# Table of Contents
<hr>

[1. Introduction](#introduction)  
[2. Data Dictionary](#dictionary)  
[3. Question of Interest](#question)  
[4. Load Data](#load)  
[5. Data Cleaning](#cleaning)  
- Check Datatypes and Missing Data  
- Checking for Duplicate Data  


## 1.Introduction<a name="introduction"></a>
<hr>

Traditional methods of DDoS detection often rely on predefined rules and signatures, which can struggle to keep pace with the evolving tactics of attackers. As a result, there is an increasing need for more sophisticated and adaptive approaches to identifying and mitigating these threats. This project explores the application of machine learning techniques to detect DDoS attacks by analyzing network traffic data captured by Wireshark, a widely-used network protocol analyzer.

## 2. Data Dictionary <a name="dictionary"></a>
<hr>

<table>
    <tr>
        <th>Field Name</th>
        <th>Description</th>
        <th>Data Type</th>
        <th>Data Source</th>
    </tr>
    <tr>
        <td>SRC_ADD</td>
        <td>Source(client) IP address</td>
        <td>string</td>
        <td>Wireshark</td>
    </tr>
        <tr>
        <td>DES_ADD</td>
        <td>Destination(server) IP address</td>
        <td>string</td>
        <td>Wireshark</td>
    </tr>
    <tr>
        <td>PKT_ID</td>
        <td>Unique identifier of a network packet</td>
        <td>string</td>
        <td>Wireshark</td>
    </tr>
        <tr>
        <td>FROM_NODE</td>
        <td>Source intermediate node</td>
        <td>string</td>
        <td>Wireshark</td>
    </tr>
    <tr>
        <td>TO_NODE</td>
        <td>Destination intermediate node</td>
        <td>string</td>
        <td>Wireshark</td>
    </tr>
        <tr>
        <td>PKT_TYPE</td>
        <td>Format or structure of a data packet used in network communication</td>
        <td>string</td>
        <td>Wireshark</td>
    </tr>
    <tr>
        <td>PKT_SIZE</td>
        <td>Size of the network packet in bytes</td>
        <td>numeric</td>
        <td>Wireshark</td>
    </tr>
    <tr>
        <td>FLAG</td>
        <td>Specific bits within a packet's header that control or indicate how the packet should be processed</td>
        <td>string</td>
        <td>Wireshark</td>
    </tr>
    <tr>
        <td>FID</td>
        <td>Flow Identifier.
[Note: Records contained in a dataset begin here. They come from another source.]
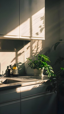 Soft sunlight streams through a window, illuminating a charming kitchen filled with plants and kitchenware.
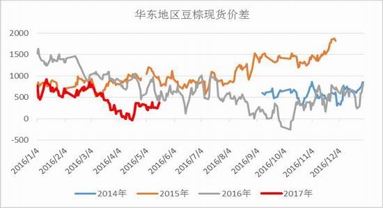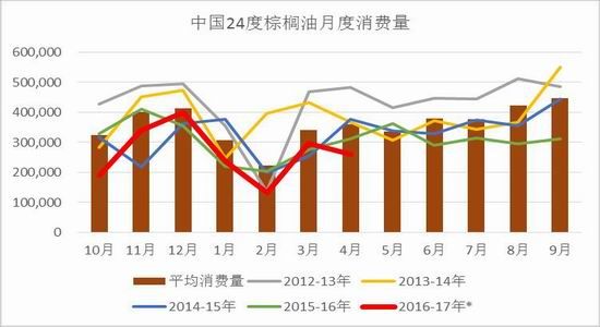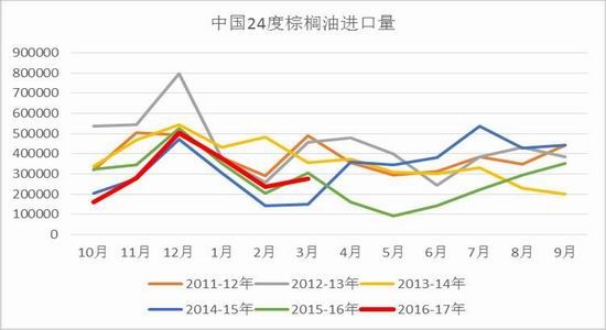 由于近期24度棕榈油进口利润持续倒挂,进口窗口迟迟未打开,因而国内买船积极性持续较差,前期甚至有取消船期的现象。截至3月末,2016-17年度国内累计进口24度棕油为160万吨,为历史同期最低进口量。供应端进口量持续偏少,需求端也同样不旺盛。由于国内豆棕价差持续低于“正常区间”,华东现货豆棕价差只有200-300元左右,终端低度棕油消费异常疲软,表观消费几乎已为挤压至刚需,进而豆油开始大量的挤占棕油的消费。
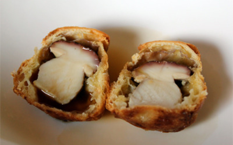 ポルチーニのアン・クルートを作った際に、切りそろえた茎とか、ジロール、シャントレル、ムースロンなど、いろんなキノコが全部1センチ以下の大きさに奇麗に切りそろえられて、ほのかにアマレットの香りをつけたサヴァイヨンが上から添えられ、塩漬けしてボッタルガのように乾燥された、卵黄が削られてサービスされます。
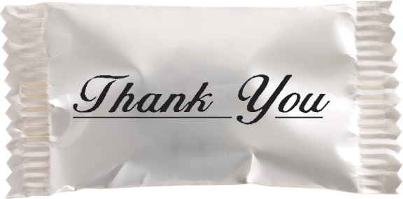 Say “Thank You” with a refreshing, creamy white buttermint candy blended with a buttery richness! Individually wrapped stock logo printed mints. Comes in Standard White Wrapper with Standard PMS color imprint. Stock wrappers are perfect for tight budgets!
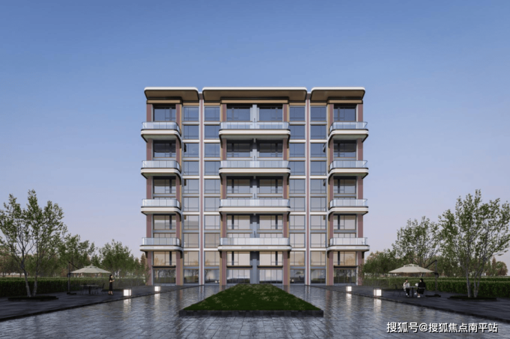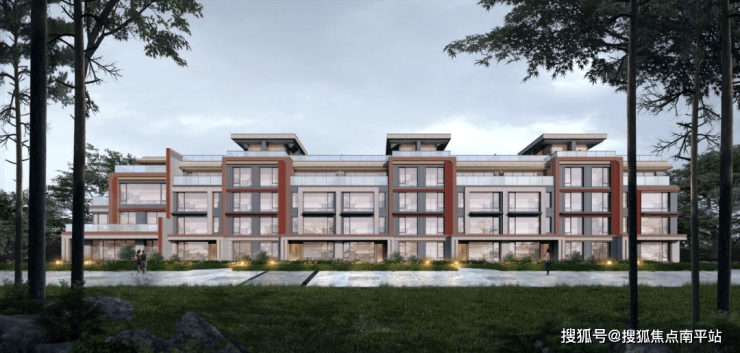 立面采用燕尾山花寓意塑造天际线,让整体建筑形态舒展,大玻璃窗与鎏金线条一气呵成,从土地抽芽向天攀生,让建筑与闽南红土共呼吸,在燕尾脊与天空的对话中,重写厝宅向上生长的当代闽南艺术。立面材料精心选用闽南红釉面陶板及砖红铝板,配合香槟金线条,爱马仕灰石材,多种色调的材质和谐搭配,展现精致大气的立面形象。波浪状陶板在晴朗的午后形成“光斑流动”的动态光影,呼应传统厝内天井日晷般的时间感知,完成“厚重传统”到“轻盈现代”的形态转译。
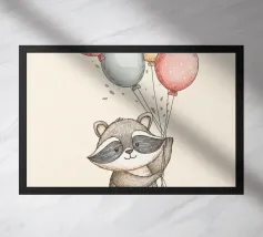 Un affascinante procione tiene in mano un vivace palloncino a forma di cuore, che emana uno spirito giocoso in un design minimalista. Lo sfondo caldo esalta l'atmosfera stravagante della scena.
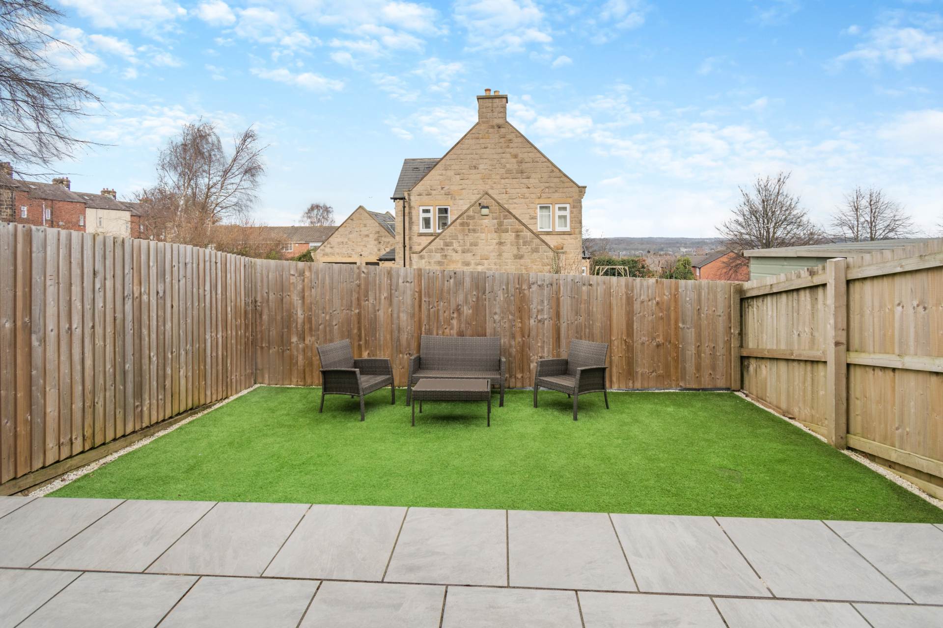 Externally, the property boasts a driveway with a small lawned area at the front, as well as an additional allocated parking space. The beautifully landscaped rear garden has been designed with ease of maintenance in mind, featuring indian stone paving and astroturf, creating a stylish and functional outdoor space.
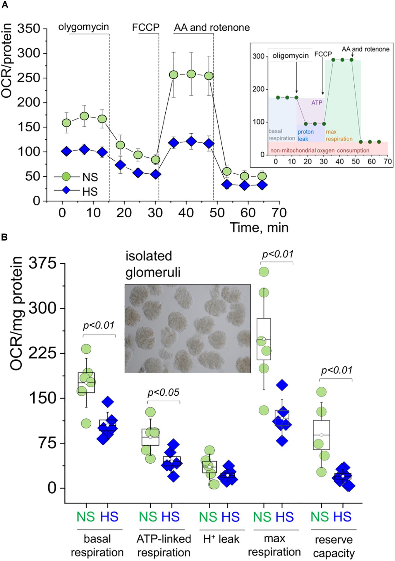 Figure 4. Mitochondrial respiration in the freshly isolated glomeruli during SS hypertension. (A) Oxygen consumption rate (OCR, pmol/min/mg protein) values obtained in a Seahorse experiment from glomeruli freshly isolated from the renal cortex of rats fed a high salt (HS) or normal salt (NS) diet. Shown are curves summarized from at least five rats per group, three to five replicates per rat; error bars are SEM. Right inset panel illustrates the experimental design. (B) Summary for basal respiration, ATP production, proton leak, maximal respiration, and reserve respiratory capacity as measured in the seahorse experiment shown in Graph. OCR is expressed in pmol/min/mg protein (A). Each data point is an average of at least three replicates per individual rat. An inset shows a typical preparation of isolated glomeruli. All data were compared using a one-way ANOVA with Holm–Sidak post hoc test. NS, normal salt; HS, high salt.
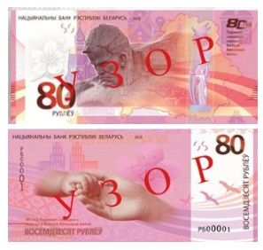 31 марта 2025 года Национальный банк Республики Беларусь выпускает в обращение памятную банкноту номиналом 80 рублей, посвящённую 80-летию Победы советского народа в Великой Отечественной войне.
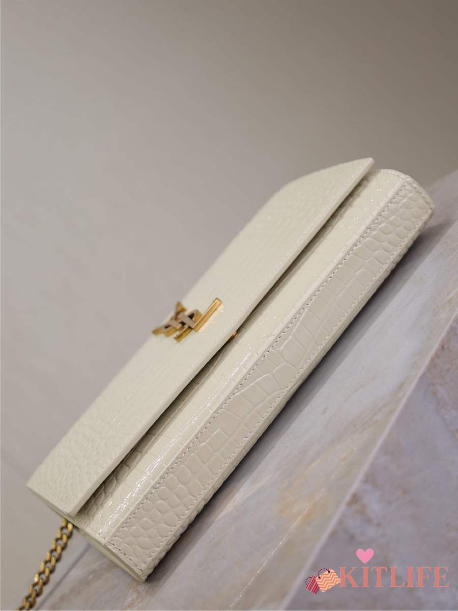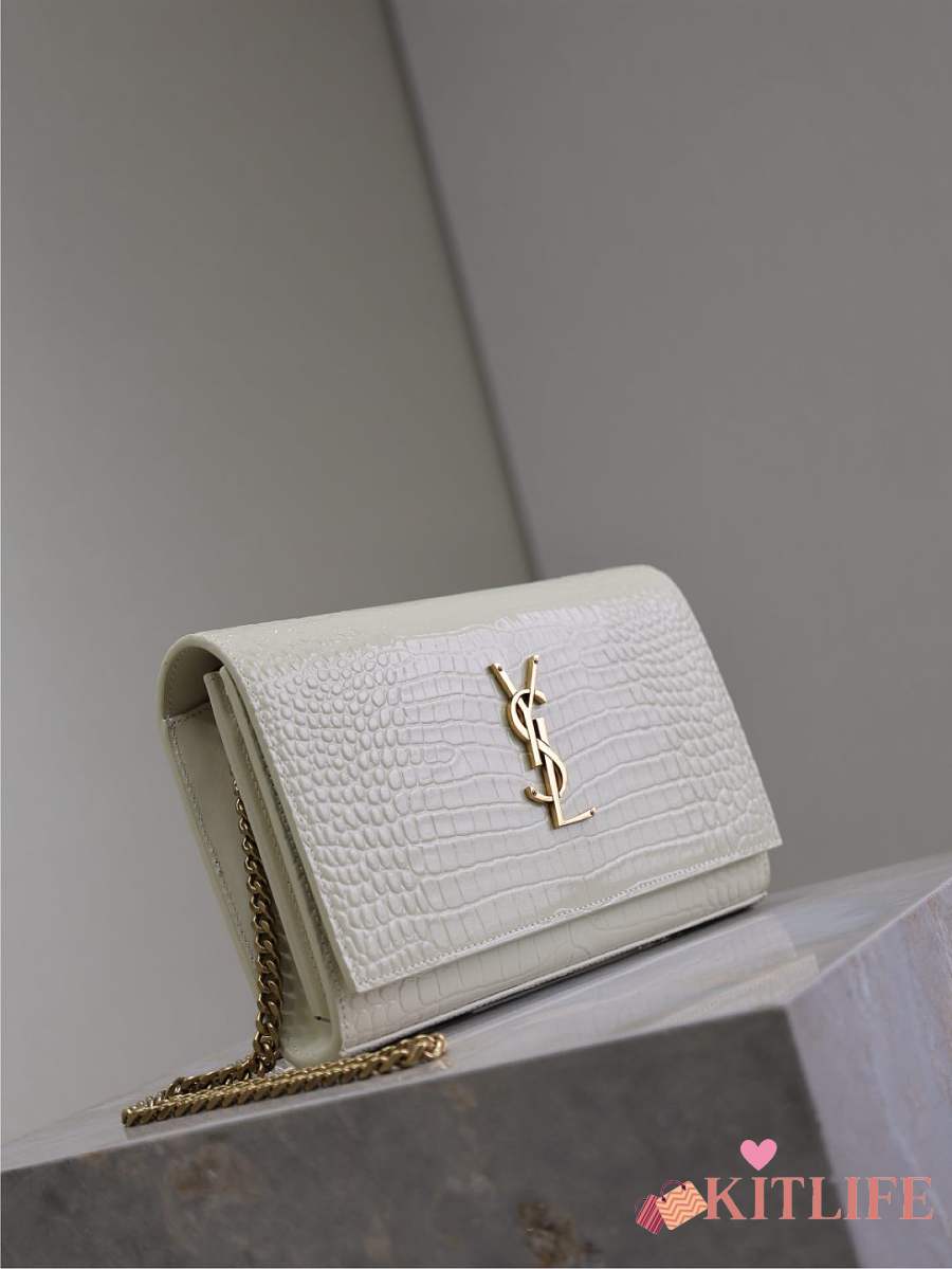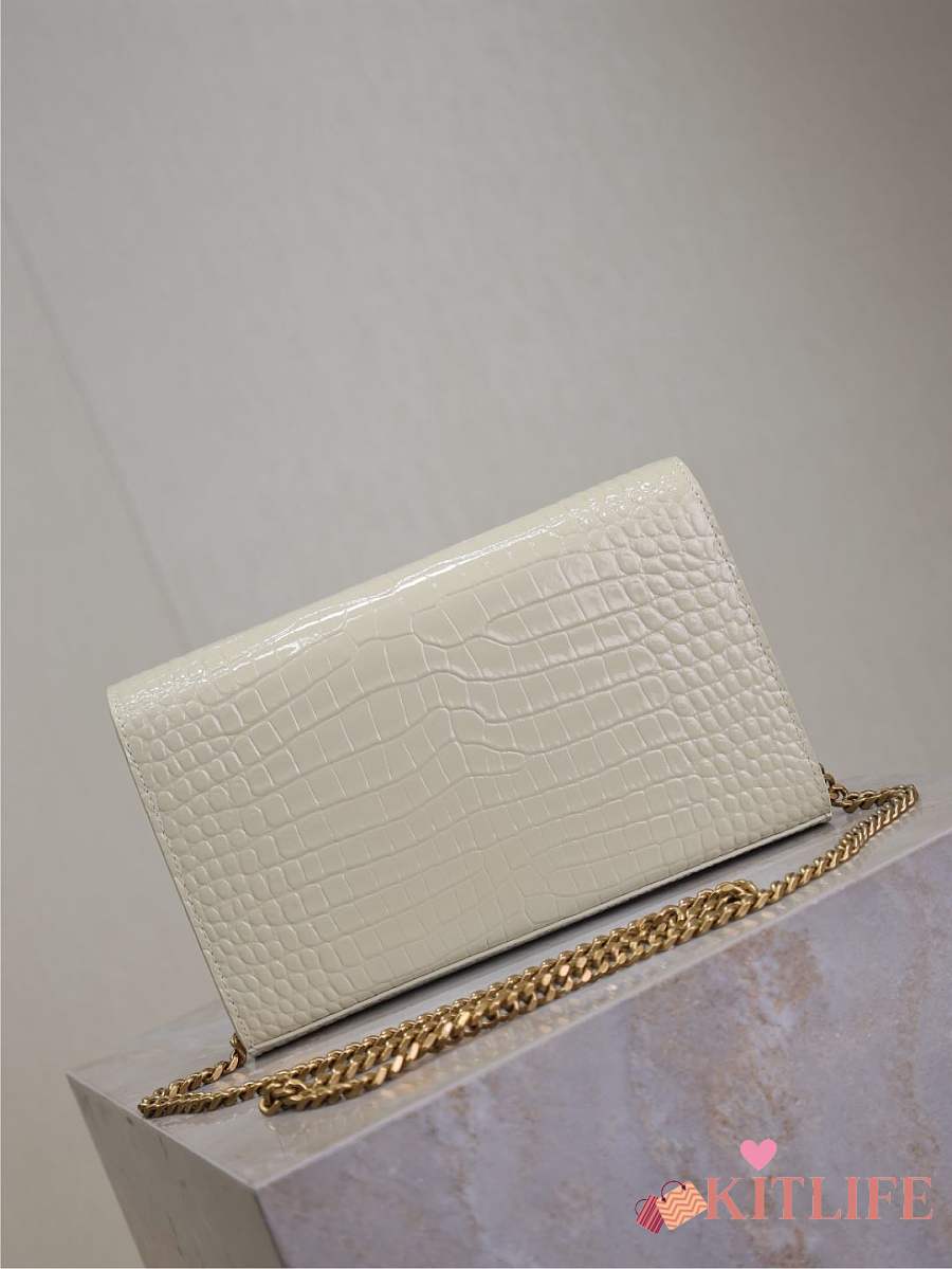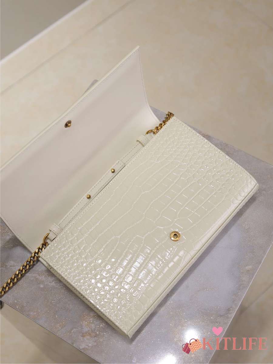Kitlife Saint Laurent Quilted White Crocodile-embossed Leather Cassandre Chain Bag 743364 23x14x3cm
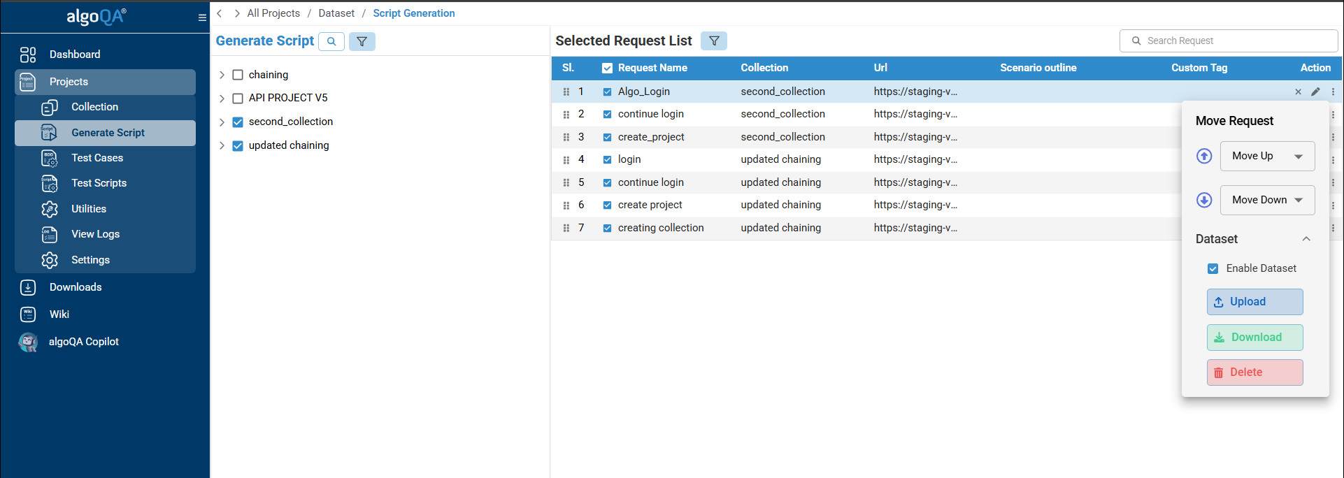 In the API generate script screen, Once you select a collection by default Selected Request List will be selected, Check Data Set option and click Generate Script. After generating the scripts, click More Menu (
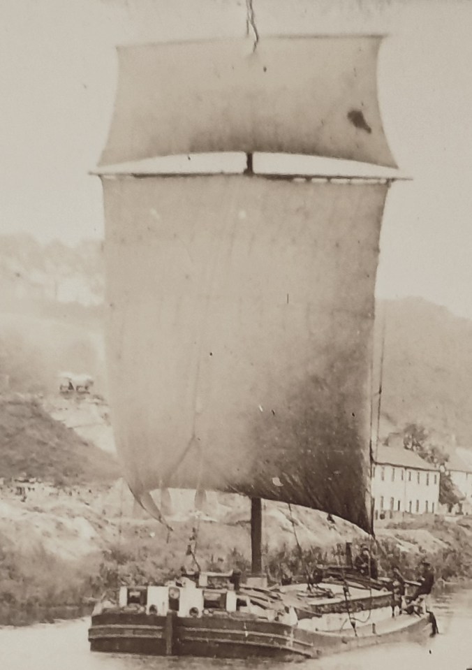Detail of square rigged Humber keel on the Don Navigation, from early twentieth century photo postcard
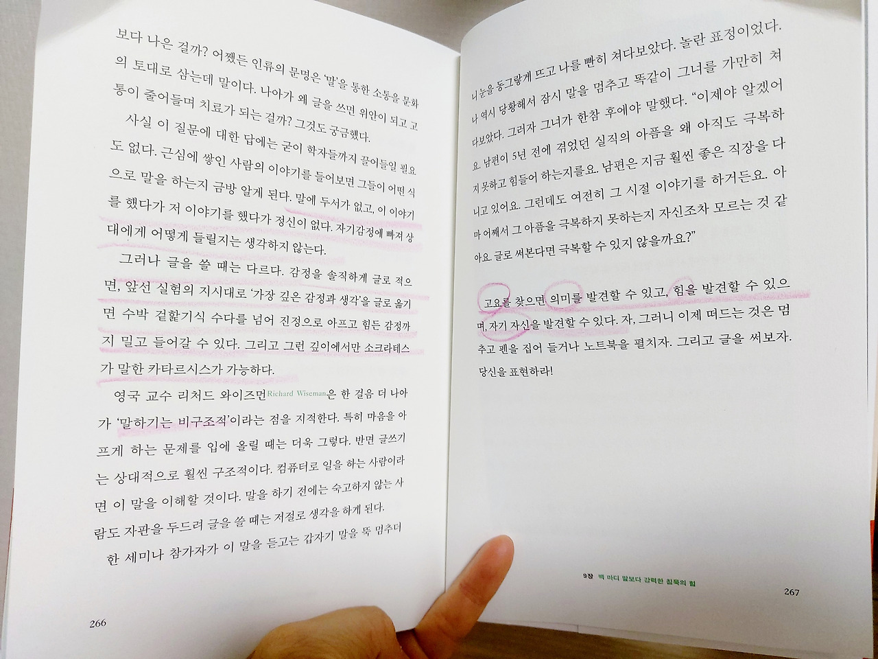 코르넬리아 토프의 『침묵이라는 무기』에서는 고요 속에서 자신을 찾고 마음과 대화를 나누는 길이 운동이라 했다. 또 비구조적인 말하기보다 구조적인 글쓰기로 고요를 찾으면 의미와 힘, 자기 자신을 발견할 수 있다고도 했다. 그런 깊이에서만 소크라테스가 말한 카타르시스가 가능하다며.(운동으로 마음의 평온을 얻는 방법 121p, 가끔은 말보다 글쓰기가 낫다 267p)
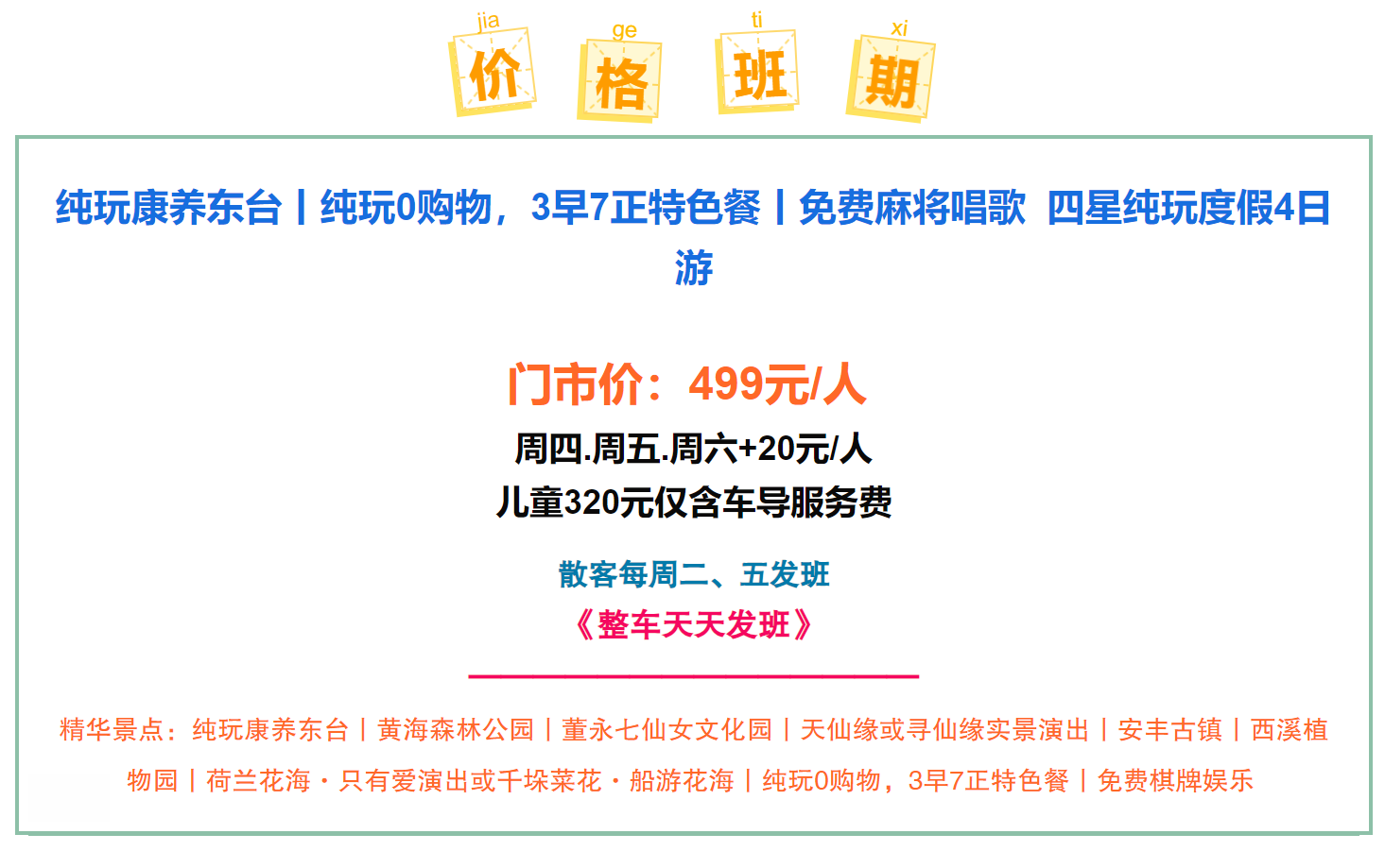 3.导游通知:导游将于出团前一日16:00-20:00短信或电话通知,请游客确保手机号码准确并保持通畅。
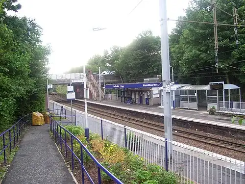 Hamilton West railway station serves the Hamilton West area of Hamilton, South Lanarkshire, in Scotland, lying on the Argyle Line.
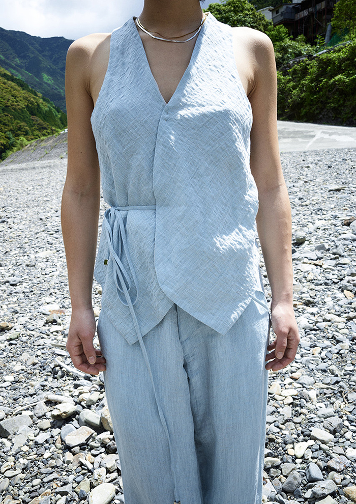 リネンの涼やかさに、モダールのやわらかな肌ざわりを掛け合わせた素材。真夏でも心地よく過ごせるジレとパンツのセットアップです。ほんのりくすみを含んだサックスブルーが、見た目にも清涼感をプラス。ラフな着こなしはもちろん、旅先でも活躍してくれる一着。大人の余裕が漂う、洗練された佇まいが魅力。

A unique identifier associated with a flow of network traffic</td>
        <td>numeric</td>
        <td>Wireshark</td>
    </tr>
    <tr>
        <td>SEQ_NUMBER</td>
        <td>Sequence number of a TCP packet within a TCP connection</td>
        <td>numeric</td>
        <td>Wireshark</td>
    </tr>
    <tr>
        <td>NUMBER_OF_PKT</td>
        <td>The total number of packets transmitted within a flow or connection</td>
        <td>numeric</td>
        <td>Wireshark</td>
    </tr>
    <tr>
        <td>NUMBER_OF_BYTE</td>
        <td>The total number of bytes transmitted within a flow or connection</td>
        <td>numeric</td>
        <td>Wireshark</td>
    </tr>
    <tr>
        <td>NODE_NAME_FROM</td>
        <td>Name of the intermediary node sending packages</td>
        <td>string</td>
        <td>Wireshark</td>
    </tr>
    <tr>
        <td>NODE_NAME_TO</td>
        <td>Name of the intermediary node receiving packages</td>
        <td>string</td>
        <td>Wireshark</td>
    </tr>
    <tr>
        <td>PKT_IN</td>
        <td>Time when a packet was sent from a node</td>
        <td>datetime</td>
        <td>Wireshark</td>
    </tr>
    <tr>
        <td>PKT_OUT</td>
        <td>Time when a packet was received by a node</td>
        <td>datetime</td>
        <td>Wireshark</td>
    </tr>
    <tr>
        <td>PKT_R</td>
        <td>Unknown but values are similar to Packet_Received_Time</td>
        <td>datetime</td>
        <td>Wireshark</td>
    </tr>
    <tr>
        <td>PKT_DELAY_NODE</td>
        <td>Travel time to specifc node</td>
        <td>datetime</td>
        <td>Wireshark</td>
    </tr>
    <tr>
        <td>PKT_RATE</td>
        <td>Packet transmission rate, measured in packets per second</td>
        <td>numeric</td>
        <td>Wireshark</td>
    </tr>
    <tr>
        <td>BYTE_RATE</td>
        <td>The rate at which bytes are transmitted or received, measured in bytes per second</td>
        <td>numeric</td>
        <td>Wireshark</td>
    </tr>
    <tr>
        <td>PKT_AVG_SIZE</td>
        <td>Average size of data per packet</td>
        <td>numeric</td>
        <td>Wireshark</td>
    </tr>
    <tr>
        <td>UTILIZATION</td>
        <td>A degree to which the network link is being used</td>
        <td>numeric</td>
        <td>Wireshark</td>
    </tr>
    <tr>
        <td>PKT_DELAY</td>
        <td>Total travel time from source to destination</td>
        <td>numeric</td>
        <td>Wireshark</td>
    </tr>
    <tr>
        <td>PKT_SEND_TIME</td>
        <td>Time at which a packet was sent from source</td>
        <td>datetime</td>
        <td>Wireshark</td>
    </tr>
    <tr>
        <td>PKT_RECEIVED</td>
        <td>Time at which a packet was received at destination</td>
        <td>datetime</td>
        <td>Wireshark</td>
    </tr>
    <tr>
        <td>FIRST_PKT_SENT</td>
        <td>Time when the first packet sent</td>
        <td>datetime</td>
        <td>Wireshark</td>
    </tr>
    <tr>
        <td>LAST_PKT_RECEIVED</td>
        <td>Time when the last packet received</td>
        <td>datetime</td>
        <td>Wireshark</td>
    </tr>
    <tr>
        <td>PKT_CLASS</td>
        <td>Target value indicating class of the packet</td>
        <td>boolean</td>
        <td>Wireshark</td>
    </tr>
</table>

#### Field of interest
- PKT_CLASS. Packet class. Target value indicating class of the packet.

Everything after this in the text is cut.